Erwischt. Das ist die Frage, die mir am häufigsten gestellt wird. Das wollen die Kinder natürlich wissen. Und das ist auch gut so. Sie haben Recht. Sie kennen die Farben: ein Bärchen ist grün, eins ist gelb, eins pink. Aber wie heißen die Bärchen? Hm!
Das weiß ich auch nicht. An der Stelle haben wir einen Fehler gemacht und gedacht, es reicht, wenn die Bärchen Farben haben. Aber nicht nur ein Kind, auch ein Bär will einen Namen haben.
Das grüne Bärchen war übrigens schon mal verschwunden. Ein Kind hatte das Bärchen so gerne, dass es es einfach nicht mit ansehen konnte, wie die anderen Kinder auch alle zu den Bärchen drängelten. Da hat das Kind schnell das grüne Bärchen versteckt. Zur Sicherheit. Damit es wenigstens ein Bärchen für sich alleine haben konnte. Wenigstens ein Weilchen. Es hat das grüne Bärchen dann aber wieder frei gegeben. Alle drei Bärchen sind wieder wohlauf. Auch ohne Namen.
Wie viele Geschichten gibt es?
Immerhin. Das weiß ich: 104. 104 kann man gut durch 52 teilen. Das ergibt 2.
52 Wochenenden hat ein Jahr. Wenn an jedem Wochenende eine Blaubär-Geschichte im Fernsehen kommt, dann reichen 104 Geschichten für 2 Jahre. Nach 2 Jahren werden die Geschichten wiederholt. Denn in Deutschland gibt es alle zwei Jahre neue Kinder. Die kennen die alten Geschichten noch nicht.
In Wirklichkeit gibt es sogar noch mehr als 104 Geschichten. Aber wie viele genau – das weiß ich auch nicht. Ich war nur am Anfang dabei. Nachher sind noch viele Geschichten dazugekommen, die ich selber nicht alle kenne.
Hast du die alle ganz alleine ausgedacht?
Keinesfalls. Das kann auch einer alleine gar nicht schaffen. Wir heißt es auf dem Land? So blöd kann einer alleine gar nicht sein. So viel Seemannsgarn kann einer alleine nicht spinnen. Das kann nicht einmal ein weit gereister Seebär, der schon alle sieben Weltmeere befahren hat.
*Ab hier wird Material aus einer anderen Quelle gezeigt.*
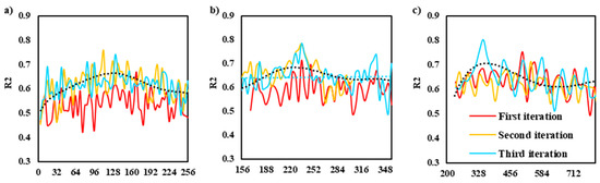 Many scholars have tried to construct water quality inversion models with CNN and achieved good results, for example, Maier et al. used a 1D CNN for Chl-a simulation training [56], and Aptoula et al. used a 2D CNN and a 3D CNN for Chl-a simulation training, where the R2 reached 0.93 [57]. We used a 2D CNN for training in our experiments, and Figure 17 shows the effect of the number of convolutional kernels per layer on the effect of the model, and the accuracy curves for the first three iterations are plotted in the figure. We found that as the number of iterations increased, the accuracy of the first and second layers improved significantly, while the accuracy of the third layer improved less. Pu et al. concluded that the optimal number of convolutional kernel layers for inverse water quality grading in convolutional neural networks is two to seven layers [55], which is consistent with our observation. We finally determined the CNN structure as 4-(136-236-340)-1-1, the learning rate was set to 0.001, the number of iterations was set to 100, and the regularization parameter was set to 0.001. Its correlation coefficient R2 reached 0.803. This accuracy level is normal because the wide spectral bandwidth of GF-2 images weakened the spectral features [58]. We trained with Sentinel-2 images under CNN and found that its best correlation coefficient R2 reached 0.887, which is similar to the accuracy level of the related study [59].

Die 104 Geschichten haben wir zu dritt geschrieben. Dabei haben uns noch Leute geholfen, die haben uns Lügen erzählt und uns Ideen zugeflüstert. Wir drei – das waren: Walter Moers, Rolf Silber und ich. Jeder von uns hat etwa ein Drittel von den 104 Geschichten geschrieben.
Rolf Silber ist übrigens über zwei Ecken mit dem Piraten John Long Silver verwandt. „Silver“ ist englisch und heißt bekanntlich „Silber“.
Wer hat den Blaubär eigentlich erfunden?
Walter Moers, der war’s. Der hat zuerst Gutenacht-Geschichten für die Sendung ‚Sandmännchen’ geschrieben. Da liegen die drei Bärchen schon im Bett – man sieht nur ihre Köpfe – und wollen noch eine „knallgute Gutenachtgeschichte“ hören, anderenfalls drohen sie mit Rabatz. So hat alles angefangen. Damals ging es noch ohne Hein Blöd.
Dann wollte die ‚Sendung mit der Maus’ 104 Geschichten in der Art. Da hat dann Walter Moers noch zwei Kumpel mit an Bord geholt. Dann ging es los. Also: Walter Moers war’s. Genau. Das ist auch der, der sich das ‚kleine Arschloch’ ausgedacht und der den Kinofilm von Käpt’n Blaubär gemacht und das Buch von den dreizehneinhalb Leben des Käpt’n Blaubär geschrieben hat.
Wie viele Leute machen bei dem Seemannsgarn mit?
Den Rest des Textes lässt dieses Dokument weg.